In the wide world of databases, information stored in tables is required to be retrieved with consistency as well as with high speed. A naive method of locating data within a table lies in scanning each row of the table and processing it, if required. This works well for a query intended to run on a table consisting of a few hundred rows. However, as is the case in many applications that use CockroachDB, this is a problem for tables consisting of a million rows. The same task of scanning each and every row present in such a table proves to be time consuming and inefficient to say the least. How can we do better?

Most databases make use of data structures, called indexes, that are designed to improve the performance of locating data at the expense of additional storage for a given database. This is done by creating copies of columns we want to index our data on wherein these copies also contain a link to the original row of the table since its retrieval could be required.
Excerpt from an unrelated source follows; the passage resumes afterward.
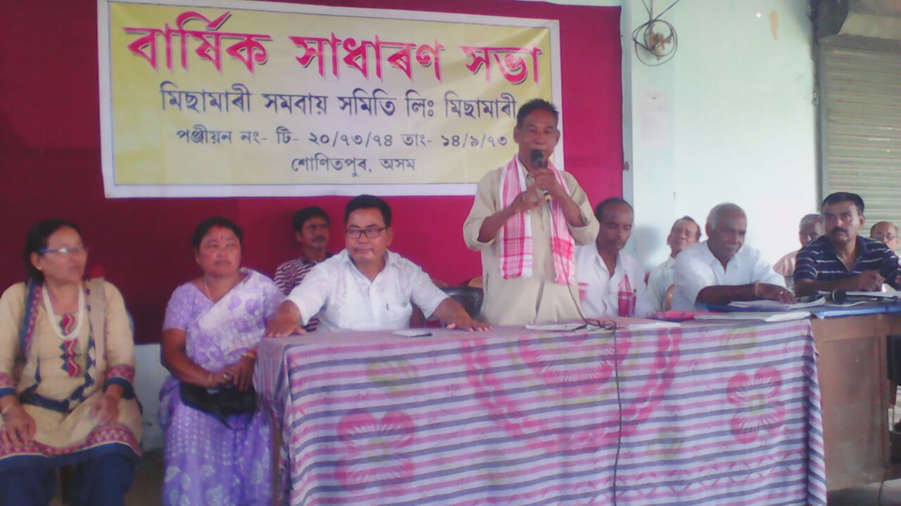 মিছামাৰীঃ শোণিতপুৰ জিলাৰ মিছামাৰী সমবায় সমিতিৰ ২০১৭-২০১৮ বৰ্ষৰ বাৰ্ষিক সাধাৰণ সভাখন আজি সমবায়ৰ প্ৰাংগনত অনুষ্ঠিত হৈ যায়। সমবায়টোৰ স্থায়ী সভাপতি হলিৰাম দাসৰ সভাপতিত্বত অনুষ্ঠিত সভাত সভাপতিৰ আসন গ্ৰহণৰ পাছতে সভাৰ উদ্দেশ্যে ব্যাখ্যা আগবঢ়াই সম্পাদক পৰশুৰাম উপাধ্যায়ে।

There are different types of indexes and the type of an index is often determined by the structure of data that gets stored in them. Broadly speaking, CockroachDB makes use of forward indexes as well as inverted indexes, both of which will be discussed in upcoming sections.

Phew, so much theory! Let’s make this a little more practical and fun. I intend to demonstrate the power that comes with an index by creating a table, called Manchester, which will consist of the following rows: Player, of type JSONB, and jersey_number, of type Integer, depicting players from Manchester United and the jersey numbers that they don, as of 25th April 2023.

It is also important to note that during the creation of a table in CockroachDB, an implicit column called rowid will be created in the absence of an explicit Primary Key, as in this case. This implicit column is designated as the Primary Key of the table.

How to use indexes for better workload performance

Running the following commands should create the table and insert some values:

CREATE TABLE manchester (jersey_number INT, player_info JSONB); INSERT INTO manchester VALUES (25, ’{“Name”: “Sancho”, “Foot”: “Right”}’'), (21, ‘{“Name”: “Anthony”, “Foot”: “Left”}’'), (8, ‘{“Name”: “Bruno”, “Foot”: “Right”}’'), (10, ‘{“Name”: “Rashford”, “Foot”: “Right”}’'); Manchester | (Implicit) | jersey_number | player_info | |------------- |--------------- |--------------------------------------- | | 500 | 25 | {“Name”: “Sancho”, “Foot”: “Right”} | | 710 | 21 | {“Name”: “Anthony”, “Foot”: “Left”} | | 811 | 8 | {“Name”: “Bruno”, “Foot”: “Right”} | | 912 | 10 | {“Name”: “Rashford”, “Foot”: “Right”} |

Additionally, CockroachDB uses the Pebble Storage Engine to read and write data to the disk. Pebble is a key-value store and requires data from tables, such as the one above, to be stored in a key-value fashion. Thus, data from the above table will get mapped appropriately to be stored in the following fashion (simplified version for an easier understanding):

| Key | Value | |----------- |------------------------------------------- | | 112/1/500 | 25, {“Name”: “Sancho”, “Foot”: “Right”} | | 112/1/710 | 21, {“Name”: “Anthony”, “Foot”: “Left”} | | 112/1/811 | 8, {“Name”: “Bruno”, “Foot”: “Right”} | | 112/1/912 | 10, {“Name”: “Rashford”, “Foot”: “Right”} |

Hmm. What and how were these two columns developed from our original table? Let’s take a closer look at the very first row to devise a pattern:

• 112/1/500 – This path consists of the table ID of the Manchester table (112), the Primary Index ID (1) and the Primary Key (500) which points to the implicit ID row as mentioned earlier.

• 25, Sancho - This path contains the values taken from the jersey_number and the player_info columns.

Now, let us construct a query with a specific constraint and run it on this table.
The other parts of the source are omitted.